Experts comment as the possibilities are dramatized. Who needs it? Bart Simpson should get word to FOX executives: “Don’t have a cow.”

“Sabrina, The Teenage Witch,” ABC at 9: Kids will get a kick out of this Valentine’s Day episode in which the council of witches puts Sabrina (Melissa Joan Hart) through a quiz-show routine to determine if Harvey (Nate Richert) is her true love. Peter Marshall (“The Hollywood Squares”) guest-stars.

“Millennium,” FOX at 9: This sounds more like an “X-Files” plot. Black (Lance Henriksen) is unnerved when a killer begins repeating his crimes, despite the fact he’s still in prison.

“20/20,” ABC at 10: Barbara Walters interviews members of Ronald Goldman’s family and Elizabeth Taylor.

“Homicide: Life on the Street,” NBC at 10: Neil Patrick Harris (“Doogie Howser, M.D.”) gueststars as the suspect in a campus murder. Also, Pembleton and his wife (Andre Braugher, Ami Brabson) meet with a marriage counselor (Linda Dano, “Another World”).

Cable Calls

“Love at First Sight,” MAX at 6:30: This 1997 British TV movie weaves film clips with footage of real-life couples talking about love. The documentary ends with a poignant, though overlong, story of an American soldier who met the woman he would later marry when he liberated a Nazi concentration camp.

“Tony Bennett: Live By Request,” A&E at 6, repeated at 10: The Emmy award winner performs his second Valentine’s Day concert in which viewers around the world request songs via an 800 number and the Internet. The performance takes place at Sony Music Studios in New York City.

“Isn’t It Romantic?” AMC at 6 and 9: There’s a certain charm that shines through as you hear the stories of Hollywood couples Hal Holbrook and Dixie Carter; Eli Wallach and Anne Jackson; and Charlton Heston and his wife, Lydia.

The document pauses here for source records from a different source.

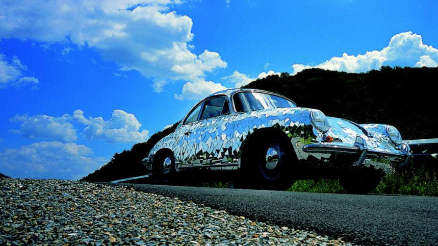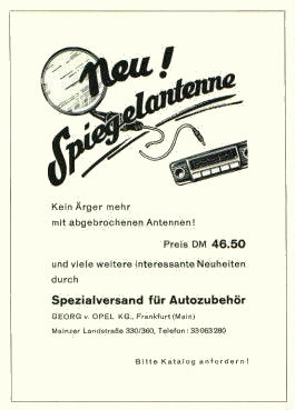 | A radio antenna build into an exterior rear view mirror. From a mid-1950's Christophorus magazine! |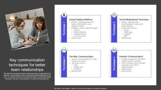 The slide showcases techniques used by manager in organizations for effective communication in teams and better understanding work to be done . It contains points such as feedback method, social media based technique , two way communication , osmotic communication etc. Welcome to our selection of the Strategies To Build Meaningful Key Communication Techniques For Better Team Relationships Mockup PDF These are designed to help you showcase your creativity and bring your sphere to life. Planning and Innovation are essential for any business that is just starting out. This collection contains the designs that you need for your everyday presentations. All of our PowerPoints are 100 percent editable, so you can customize them to suit your needs. This multi-purpose template can be used in various situations. Grab these presentation templates today The slide showcases techniques used by manager in organizations for effective communication in teams and better understanding work to be done . It contains points such as feedback method, social media based technique , two way communication , osmotic communication etc.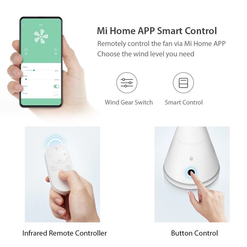 Ce ventilateur sans pales et connecté s'intègre parfaitement à l'écosystème Xiaomi puisqu'il est pilotable à partir de l'application Mi Home afin de le contrôler à distance. En plus, il est plutôt design ce ventilo !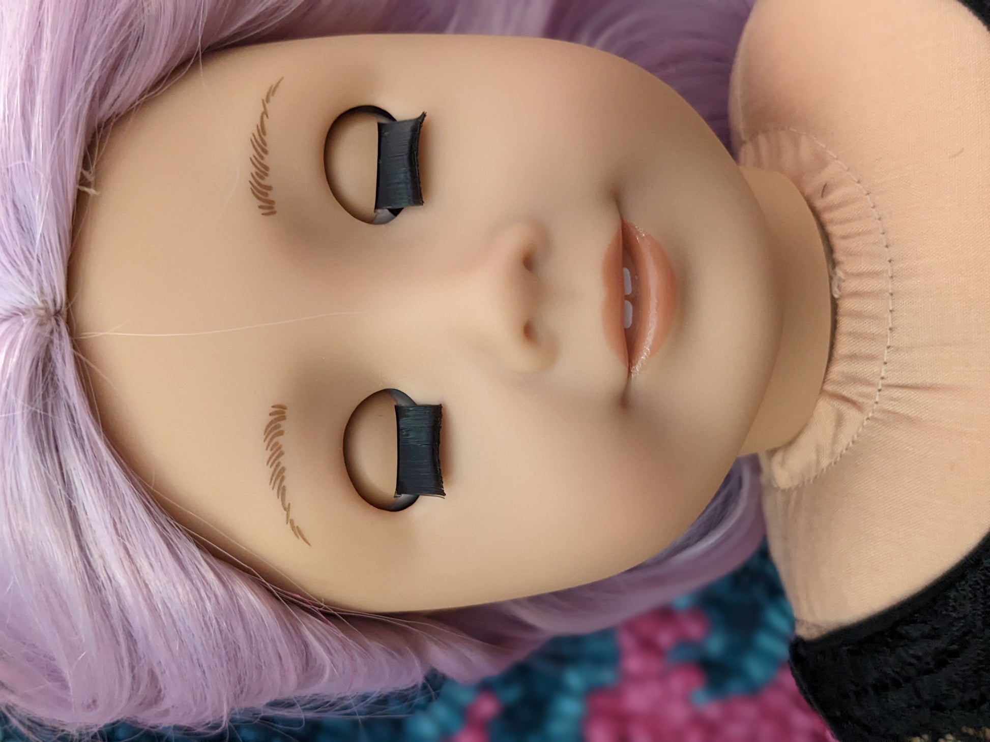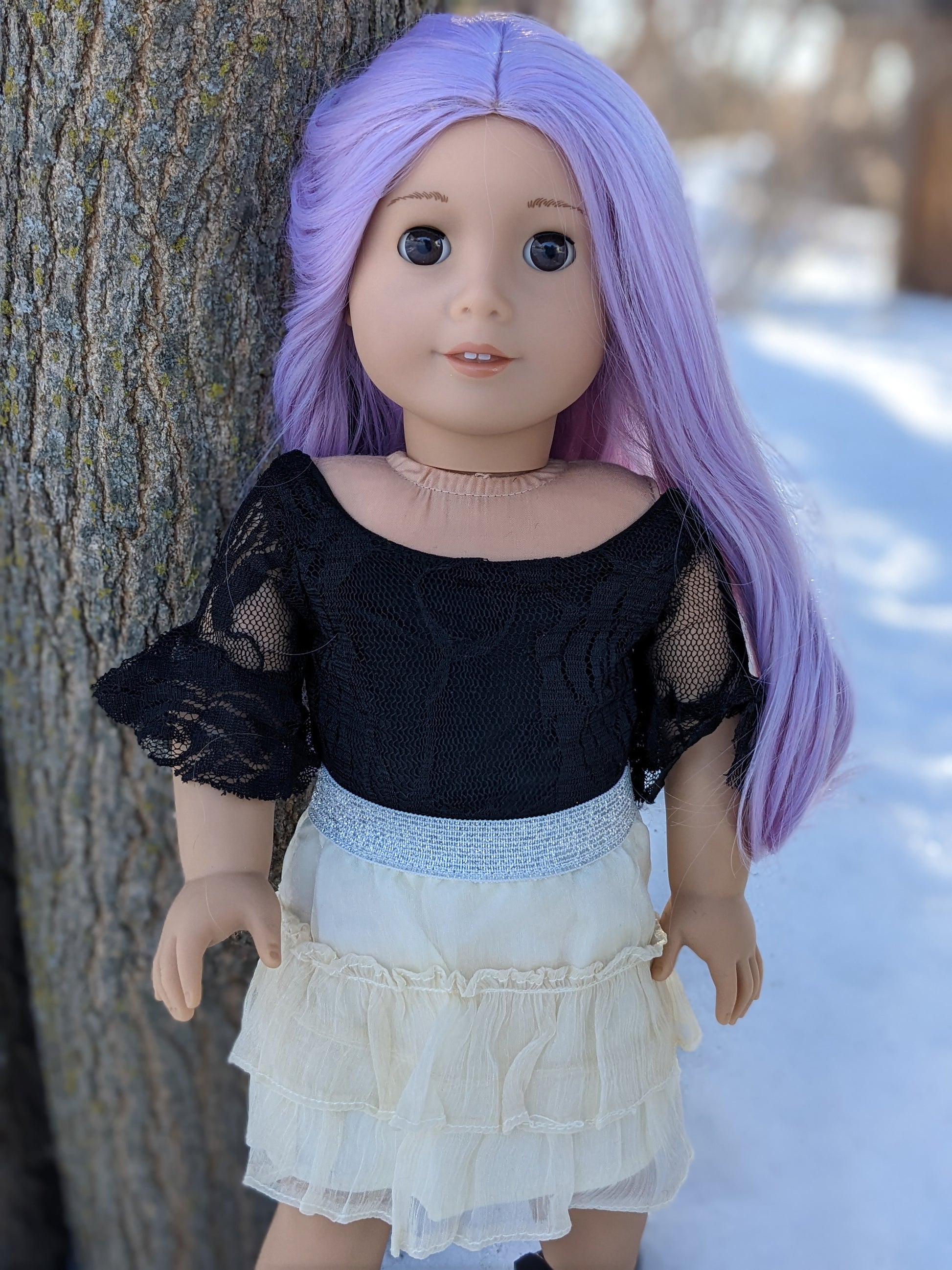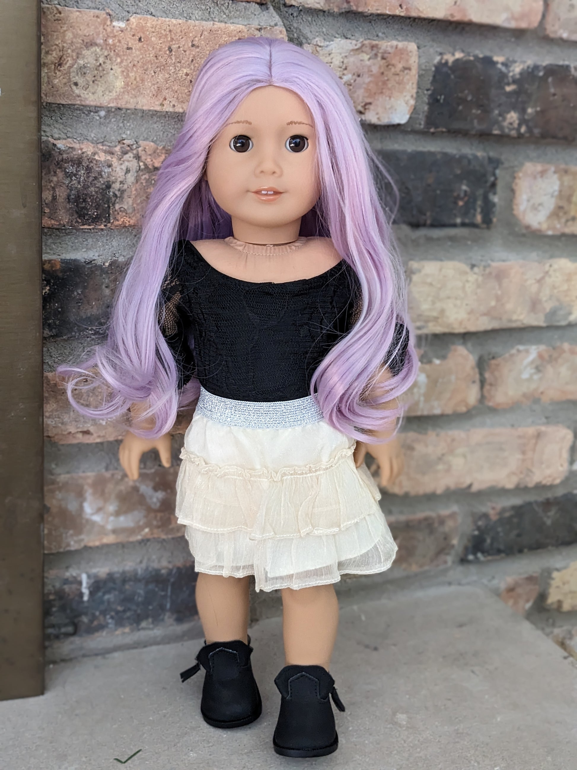 This one of a kind OOAK custom American Girl doll was created with a new doll, a lavender wig, and brown eyes. She has lip gloss that was hand painted and sealed. She may have some minor shine marks from handling. She comes with the outfit pictured. She has the microfiber cloth body with permapanties and a tiny x on her bum.

It’s part celebrity puff and part sound advice on how to make a marriage endure.

Talk Time

“Tonight,” NBC at 11:35: Actor Michael Biehn, fitness guru Richard Simmons and singer Babyface.

“Late Show With David Letterman,” CBS at 11:35: Duchess of York Sarah Ferguson and political adviser George Stephanopoulos.

“Politically Incorrect With Bill Maher,” ABC at 12:35 a.m.: Author-commentator Tony Brown, Dana Carvey, Suzanne Somers and author Marianne Williamson.

“Late Night With Conan O’Brien,” NBC at 12:35 a.m.: Actor Richard Harris and comedian Jake Johannsen.